Instructions for the task = With the images removed, repeat the data below exactly.

Data shown =

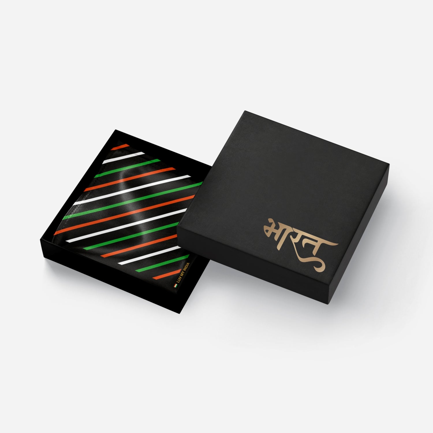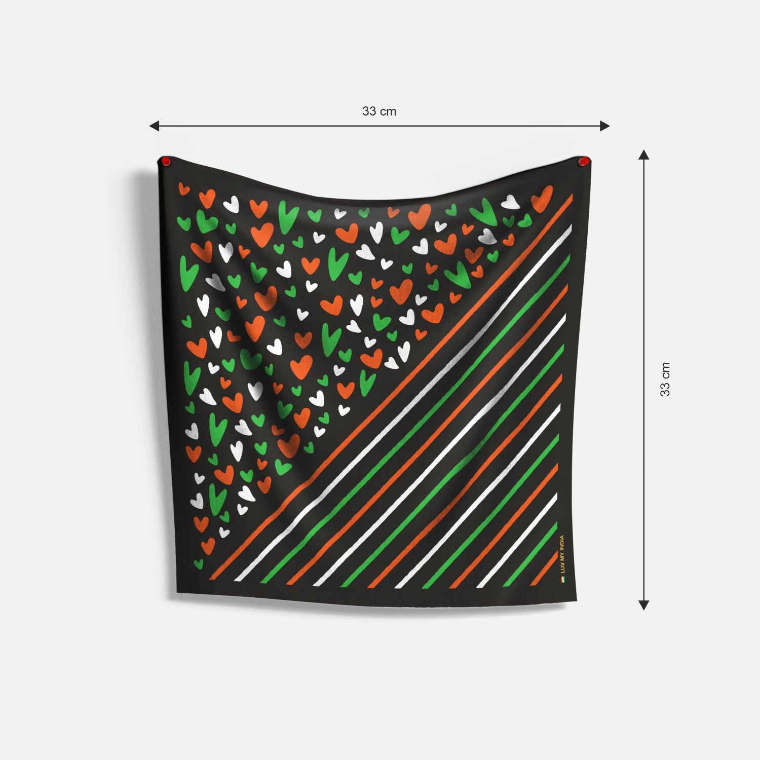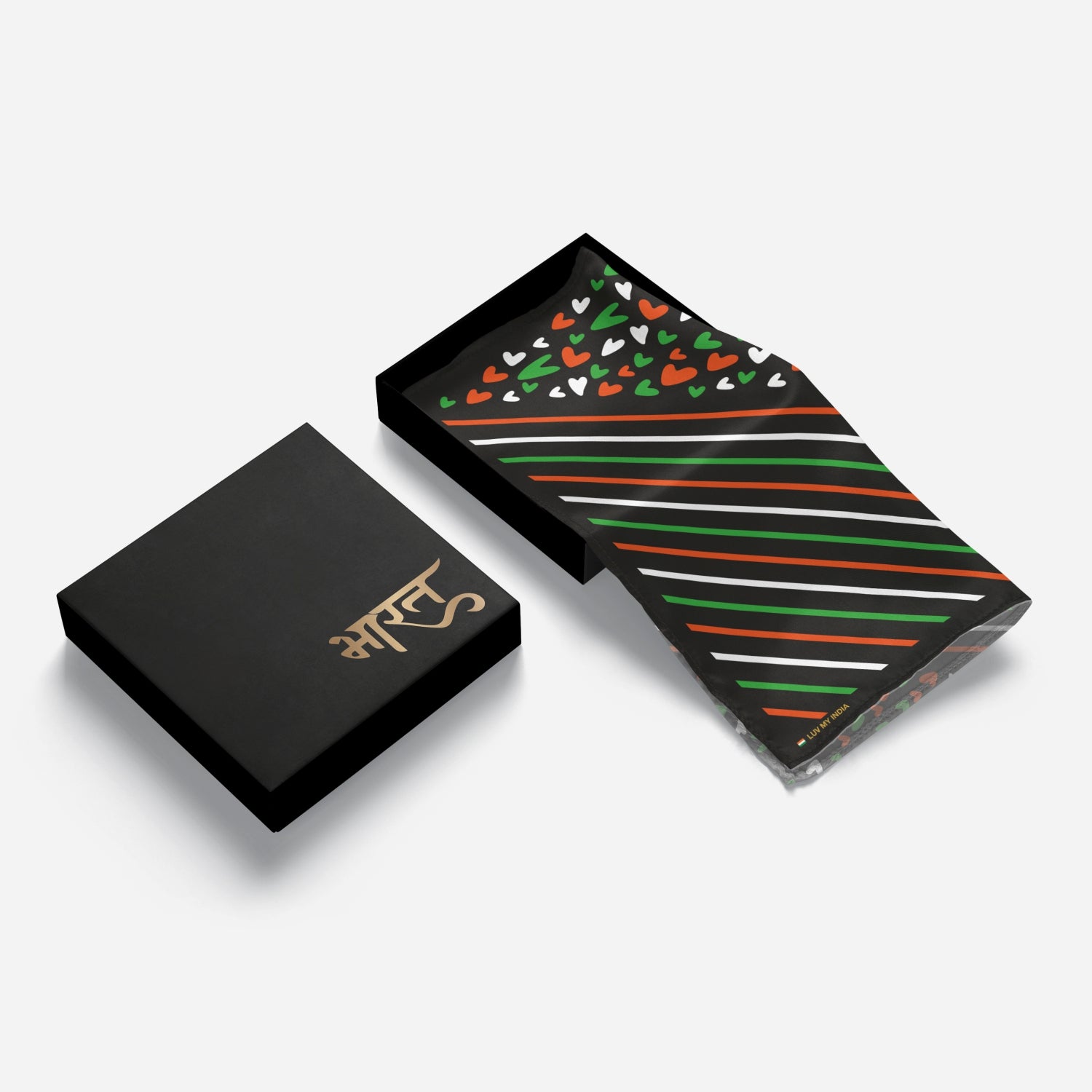 Step into timeless elegance with Luv My India’s 33x33 cm digital print Bemberg Vegan Silk Pocket Square, featuring tricolour lines along with hearts. Its concentric design of saffron, white and green echo the layers of our nation’s journey—courage that fuels us, peace that grounds us and growth that carries us forward. The hearts reminds us of progress, unity and an eternal bond with our motherland. A modern ode to patriotism, it is perfect for festive wear, national celebrations or elevating a sophisticated ensemble with meaning and pride.
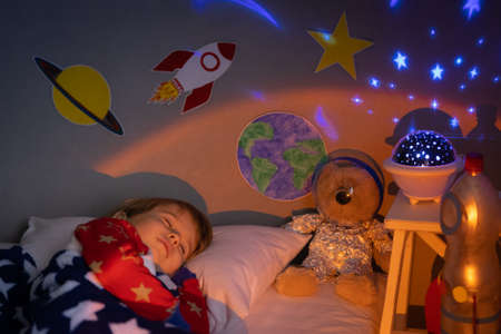 Happy child sleeping with toy rocket and teddy bear. Kid pretend to be astronaut. Imagination and children dream concept
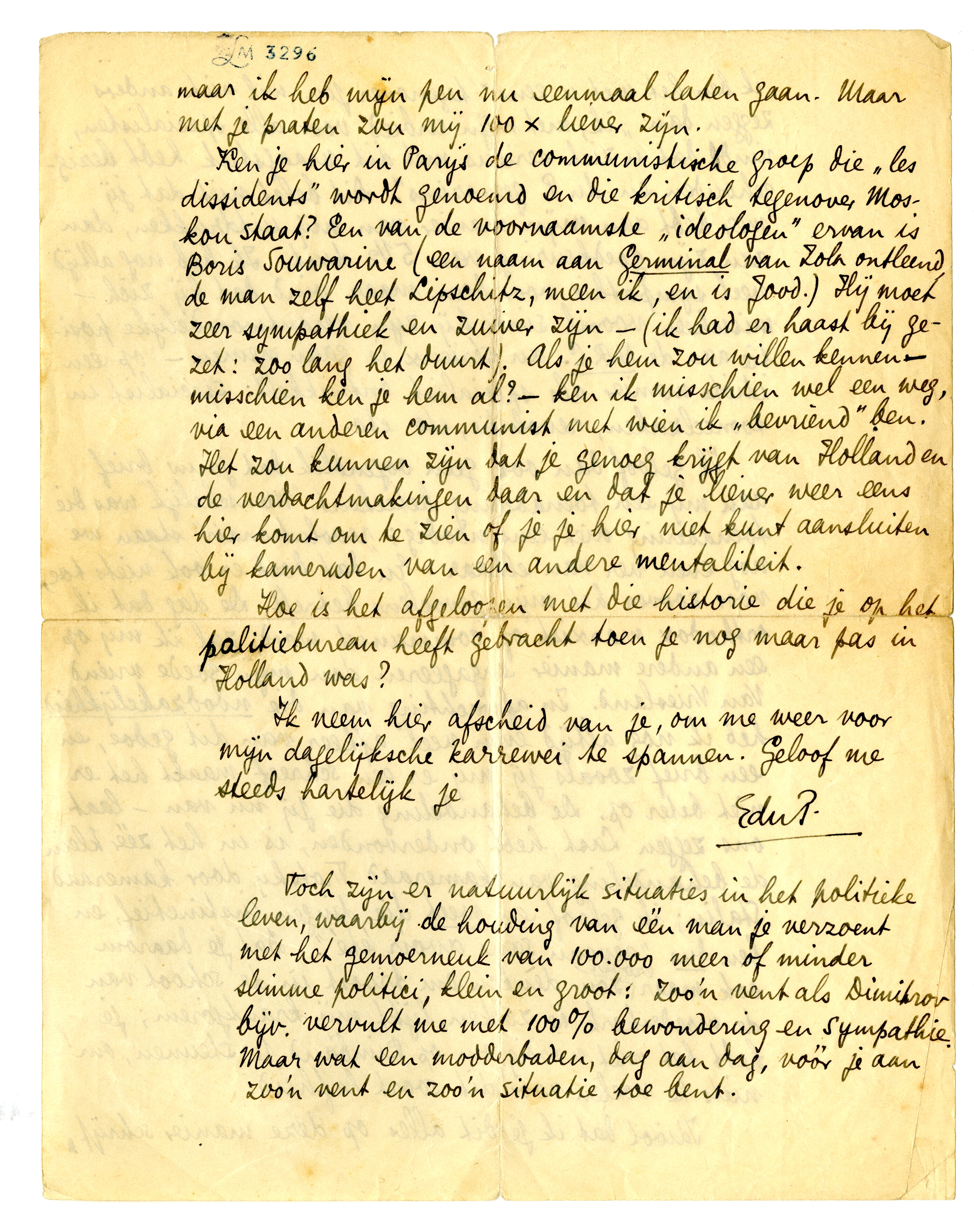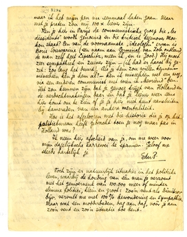 Ken je hier in Parijs de communistische groep die ‘les dissidents’ wordt genoemd en die kritisch tegenover Moskou staat? Een van de voornaamste ‘ideologen’ ervan is Boris Souwarine42 (een naam aan Germinal van Zola ontleend, de man zelf heet Lipschitz, meen ik, en is Jood) Hij moet zeer sympathiek en zuiver zijn -(ik had er haast bij gezet: zoo lang het duurt). Als je hem zou willen kennen - misschien ken je hem al? - ken ik misschien wel een weg, via een anderen communist met wien ik ‘bevriend’ ben. Het zou kunnen zijn dat je genoeg krijgt van Holland en de verdachtmakingen daar en dat je liever weer eens hier komt om te zien of je je liier niet kunt aansluiten bij kameraden van een andere mentaliteit.

Result =
 Step into timeless elegance with Luv My India’s 33x33 cm digital print Bemberg Vegan Silk Pocket Square, featuring tricolour lines along with hearts. Its concentric design of saffron, white and green echo the layers of our nation’s journey—courage that fuels us, peace that grounds us and growth that carries us forward. The hearts reminds us of progress, unity and an eternal bond with our motherland. A modern ode to patriotism, it is perfect for festive wear, national celebrations or elevating a sophisticated ensemble with meaning and pride.
 Happy child sleeping with toy rocket and teddy bear. Kid pretend to be astronaut. Imagination and children dream concept
 Ken je hier in Parijs de communistische groep die ‘les dissidents’ wordt genoemd en die kritisch tegenover Moskou staat? Een van de voornaamste ‘ideologen’ ervan is Boris Souwarine42 (een naam aan Germinal van Zola ontleend, de man zelf heet Lipschitz, meen ik, en is Jood) Hij moet zeer sympathiek en zuiver zijn -(ik had er haast bij gezet: zoo lang het duurt). Als je hem zou willen kennen - misschien ken je hem al? - ken ik misschien wel een weg, via een anderen communist met wien ik ‘bevriend’ ben. Het zou kunnen zijn dat je genoeg krijgt van Holland en de verdachtmakingen daar en dat je liever weer eens hier komt om te zien of je je liier niet kunt aansluiten bij kameraden van een andere mentaliteit.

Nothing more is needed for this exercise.